§ **What you should do**: Beginning at the line that contains "Guess GJ Kısa", reproduce the entries below exactly, ending with the line that contains "Stylist Suggestion: Wear". Omit each picture.

BEGIN Exercise data

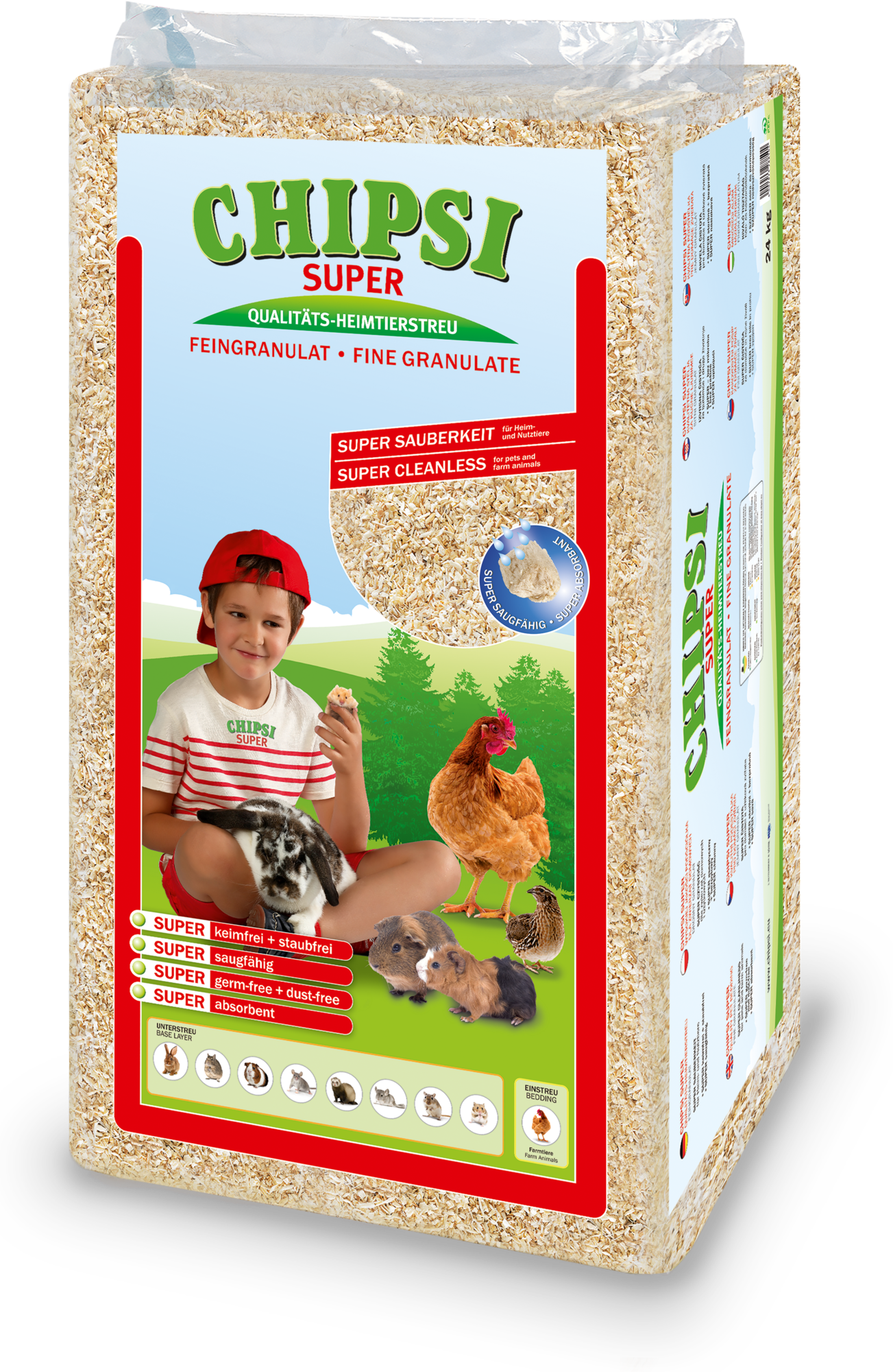 Ali vaš ljubljenček ne prenaša vseh vrst stelje? CHIPSI SUPER je morda popoln izdelek za vas: Sestavljen je iz fino granuliranih rastlinskih vlaken (mehki les), je nevtralen glede prahu in bakterij - idealen za živali z alergijami, nepojasnjeno občutljivostjo in zdravstvenimi težavami. Izdelek so testirale in priporočile vodilne veterinarske klinike.
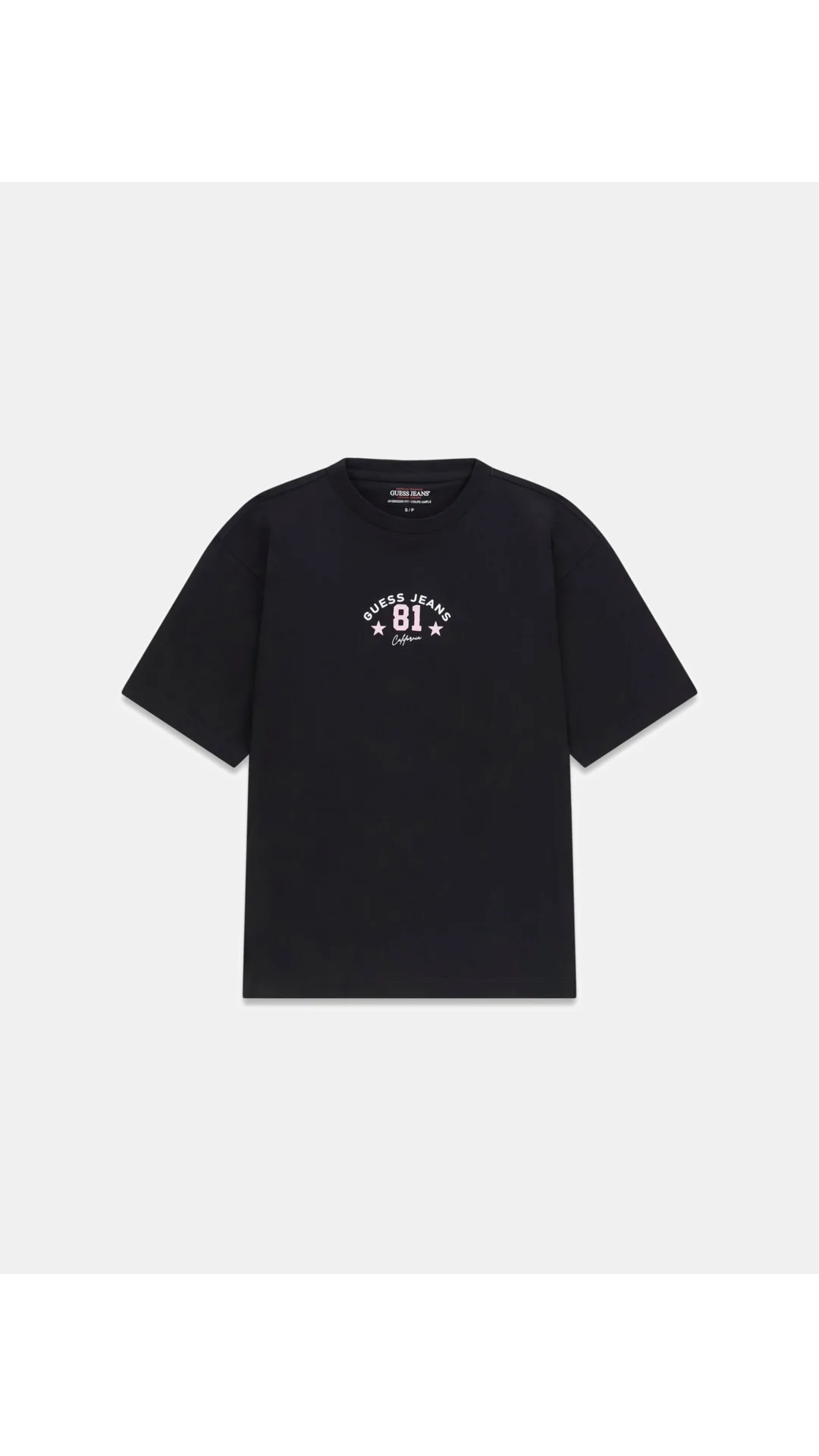 Guess GJ Kısa Kollu Bisiklet Yaka Büyük Beden 81 Yıldız Kadın Siyah T-shirt W6RI20K8HM0-JBLK
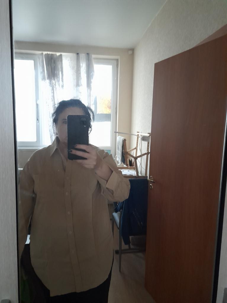 The shirt is very large and wide, the sleeves are longer than necessary. My size is 52, maybe size XL would have suited me. I made a mistake when choosing. The quality of the shirt is excellent, it is sewn well, without missing lines and hanging threads. Very nice fabric, but it wrinkles.
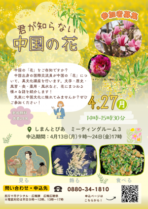 中国出身の国際交流員が、梅・牡丹・桃・菊など、中国人にとって特別な意味をもつ花たちについて、文化や歴史、昔話や食べ方の楽しみ方まで、幅広くお話します!
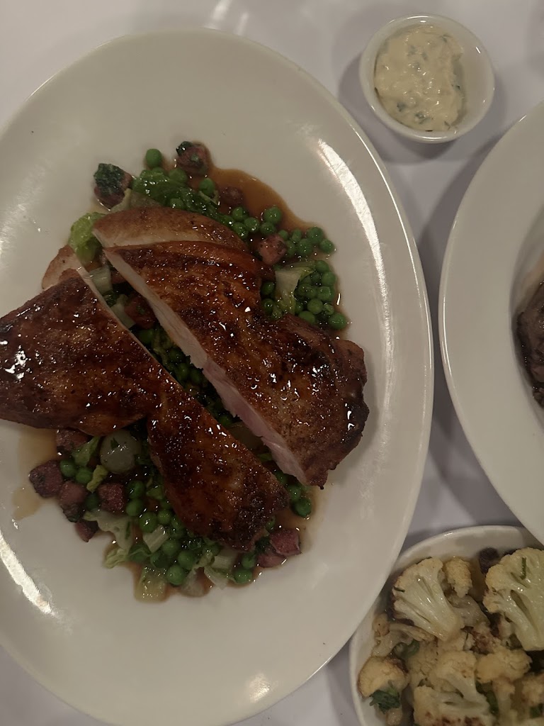 Everything was delicious. Had Kingfish, chicken, duck pie, mash, brulee, and the pineapple thing. Out server was a gem. My only regret is I accidentally skipped the tipping option as our server was a G.
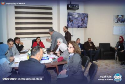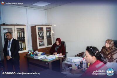 The National assessor team of the National Council for the accreditation of science majors programs concluded its visit to the College of science on its third and last day, dedicated to completing the evaluation of the program of the Department of new and renewable energies, headed by Prof. Dr. Tahsin Hussein Mubarak, chairman of the National Council for the accreditation of science majors programs / University of Diyala, accompanied by Prof. Dr. Noha Salim, Director of quality assurance at the presidency of the University of Mosul.
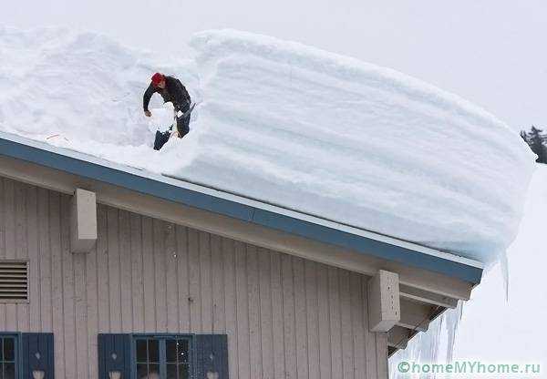 Благодаря разнице в высоте опорных стенок отвод осадков со ската происходит самопроизвольно. Это значит, что в организации внутреннего стока нет нужды. Чаще всего к низкой стороне односкатной крыши крепится водосточный желоб, превосходно справляющийся с задачами водоотведения в летний и демисезонный период. Зимой на пологих скатах может скапливаться снег. Залежи осадков удаляют по правилам очищения плоских крыш.
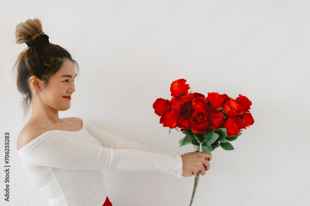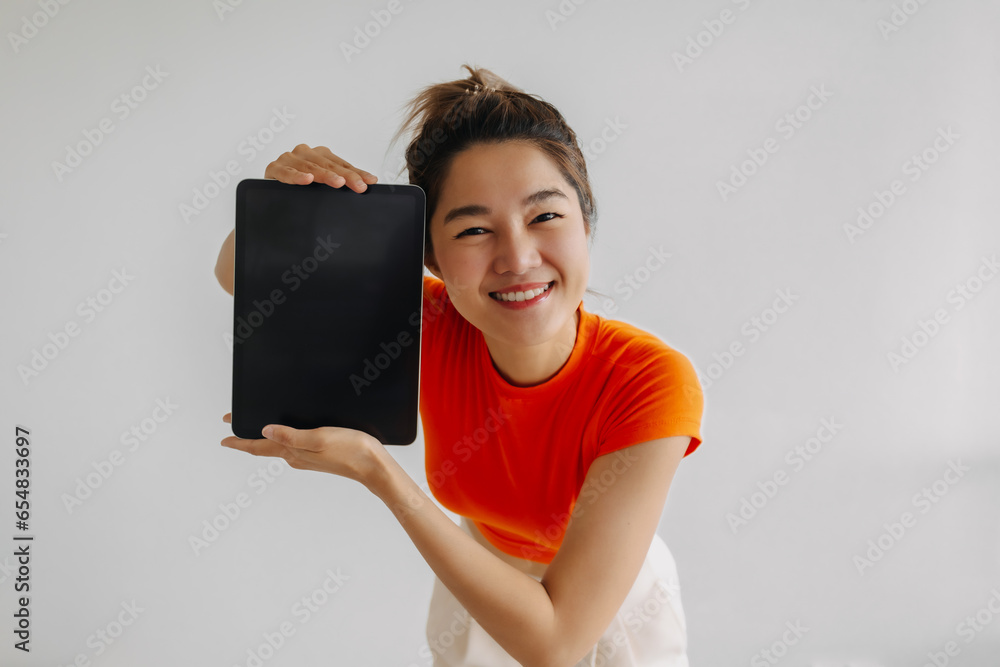 Thai asian woman bun hair wear orange cropped t-shirt, holding and showing tablet computer black screen, isolated on white background. Smiling and looking at camera.
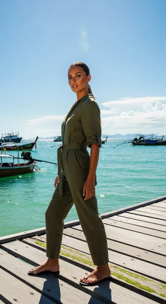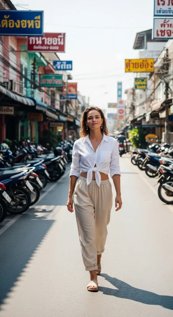 Stylist Suggestion: Wear strappy flat sandals and a woven handbag. The earthy textures harmonize with Thailand’s tropical scenery.
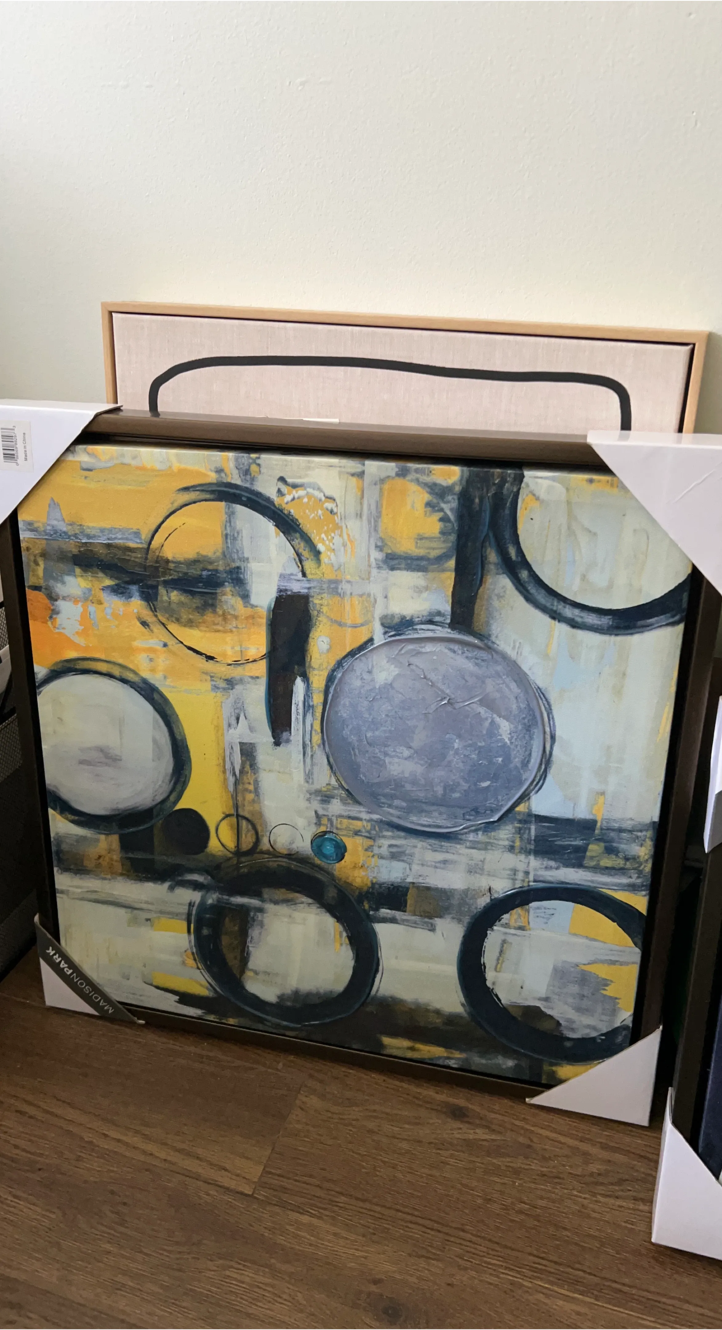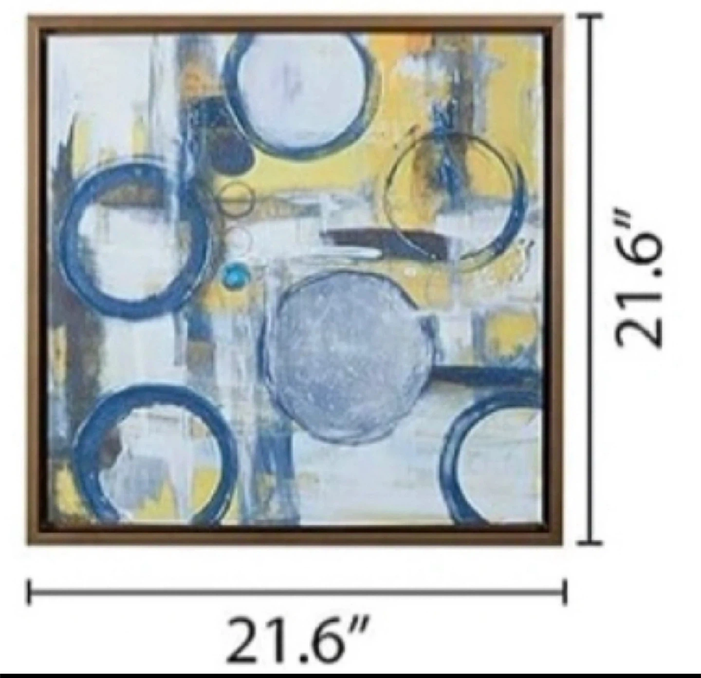 Abstract wall art featuring circles and geometric shapes in yellow, grey, and black. It's framed and ready to hang. Dimensions are 21.6" by 21.6".

END Exercise data

§ **Written answer**:
 Guess GJ Kısa Kollu Bisiklet Yaka Büyük Beden 81 Yıldız Kadın Siyah T-shirt W6RI20K8HM0-JBLK
 The shirt is very large and wide, the sleeves are longer than necessary. My size is 52, maybe size XL would have suited me. I made a mistake when choosing. The quality of the shirt is excellent, it is sewn well, without missing lines and hanging threads. Very nice fabric, but it wrinkles.
 中国出身の国際交流員が、梅・牡丹・桃・菊など、中国人にとって特別な意味をもつ花たちについて、文化や歴史、昔話や食べ方の楽しみ方まで、幅広くお話します!
 Everything was delicious. Had Kingfish, chicken, duck pie, mash, brulee, and the pineapple thing. Out server was a gem. My only regret is I accidentally skipped the tipping option as our server was a G.
 The National assessor team of the National Council for the accreditation of science majors programs concluded its visit to the College of science on its third and last day, dedicated to completing the evaluation of the program of the Department of new and renewable energies, headed by Prof. Dr. Tahsin Hussein Mubarak, chairman of the National Council for the accreditation of science majors programs / University of Diyala, accompanied by Prof. Dr. Noha Salim, Director of quality assurance at the presidency of the University of Mosul.
 Благодаря разнице в высоте опорных стенок отвод осадков со ската происходит самопроизвольно. Это значит, что в организации внутреннего стока нет нужды. Чаще всего к низкой стороне односкатной крыши крепится водосточный желоб, превосходно справляющийся с задачами водоотведения в летний и демисезонный период. Зимой на пологих скатах может скапливаться снег. Залежи осадков удаляют по правилам очищения плоских крыш.
 Thai asian woman bun hair wear orange cropped t-shirt, holding and showing tablet computer black screen, isolated on white background. Smiling and looking at camera.
 Stylist Suggestion: Wear strappy flat sandals and a woven handbag. The earthy textures harmonize with Thailand’s tropical scenery.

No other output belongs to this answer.